About this task.
An exact transcription is needed, starting at the line containing "4月2日晚,外国语学院于七号" and running through the last line of the records, with every picture left out.

Records shown.
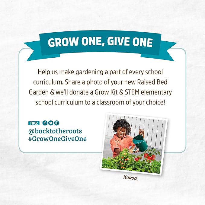 - #GROWONEGIVEONE — share a photo of garden with #GrowOneGiveOne and we'll donate an organic gardening kit + STEM curriculum to an elementary school classroom of your choice!
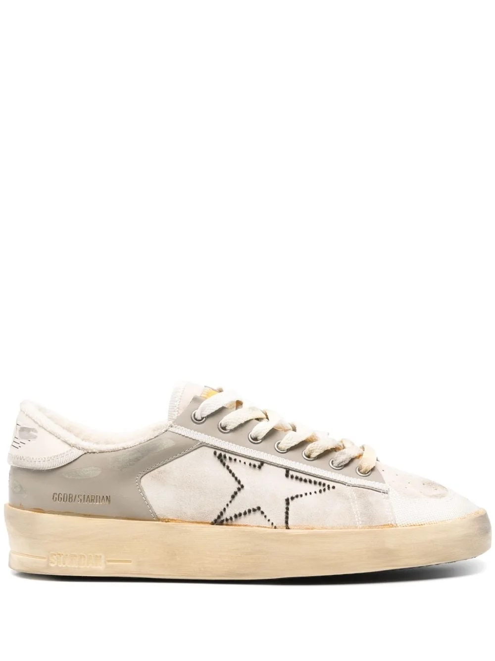 Stardan sneakers Highlights - Beige - Calf leather - Suede panelling - Distressed finish - Grosgrain ribbon trim - Signature star patch to the sides - Logo patch at the tongue - Front lace-up fastening - Perforated toebox - Round toe - Flat rubber sole Made in Italy Composition Lining: Calf Leather 100%, Cotton 100% Outer: Calf Suede 100%, Calf Leather 100% Sole: Rubber 100% SIZE & FIT Measurement HEEL 0.98 in(2.5 cm) Sole height 0.78 in(2 cm)
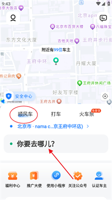 1、登录账号进入app之后,进入【顺风车】板块点击【你要去哪儿】。
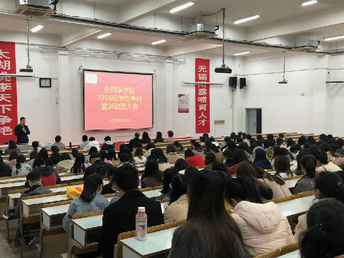 4月2日晚,外国语学院于七号楼成功举办“外国语学院2016级学生考研动员大会”。本次大会由外国语学院党总支副书记俞昊波主持,外国语学院院长包通法、副院长刘荔、吴旻昊及各系主任、辅导员一同参加本次大会。
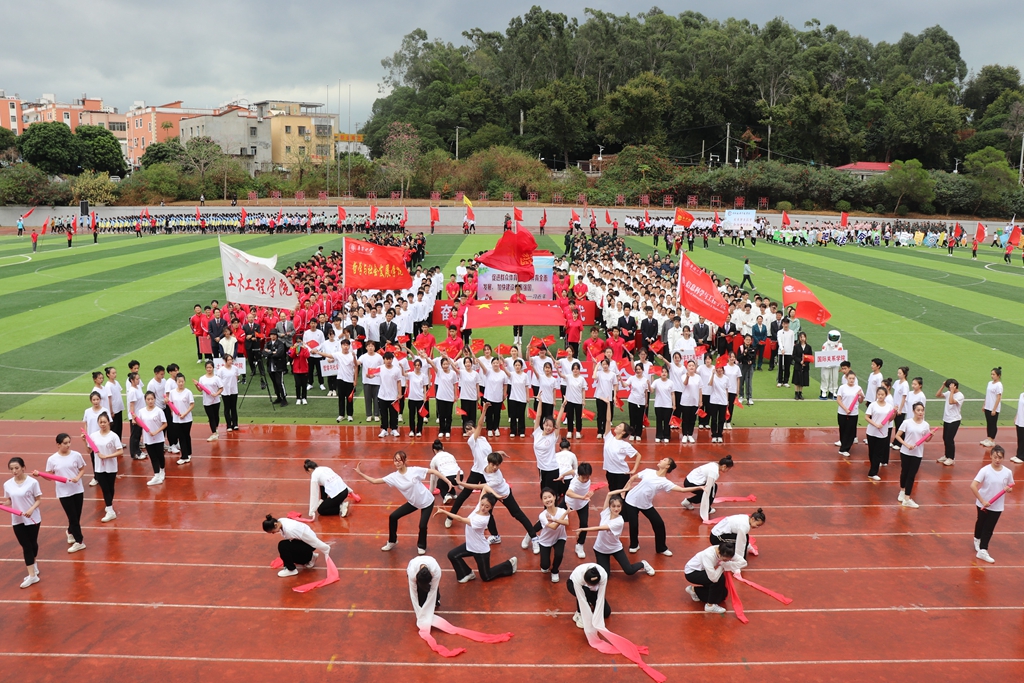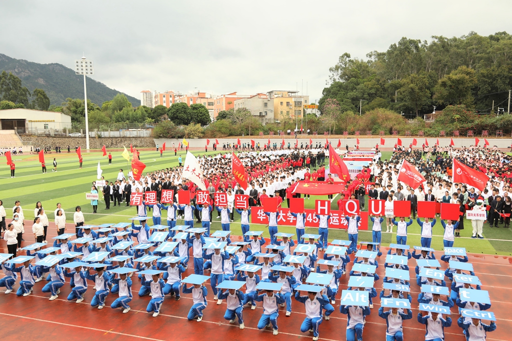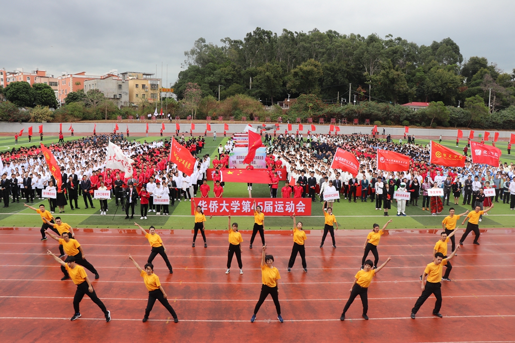 团体操表演中,1100名华大学子组成方阵翻转四色圆扇,聚拢五角之星,彰显青春活力;舞龙表演,气势如虹,“我爱beat365唯一官网”的造型道出了华大学子对学校的真挚情感;原创排舞《领航》表演,表达了华大学子对党、对国家的深情与热爱;百余名教职工齐跳《奋斗吧中国》,展现新时代华大教职工信仰坚定、奋进新征程的昂扬姿态。

Task result.
 4月2日晚,外国语学院于七号楼成功举办“外国语学院2016级学生考研动员大会”。本次大会由外国语学院党总支副书记俞昊波主持,外国语学院院长包通法、副院长刘荔、吴旻昊及各系主任、辅导员一同参加本次大会。
 团体操表演中,1100名华大学子组成方阵翻转四色圆扇,聚拢五角之星,彰显青春活力;舞龙表演,气势如虹,“我爱beat365唯一官网”的造型道出了华大学子对学校的真挚情感;原创排舞《领航》表演,表达了华大学子对党、对国家的深情与热爱;百余名教职工齐跳《奋斗吧中国》,展现新时代华大教职工信仰坚定、奋进新征程的昂扬姿态。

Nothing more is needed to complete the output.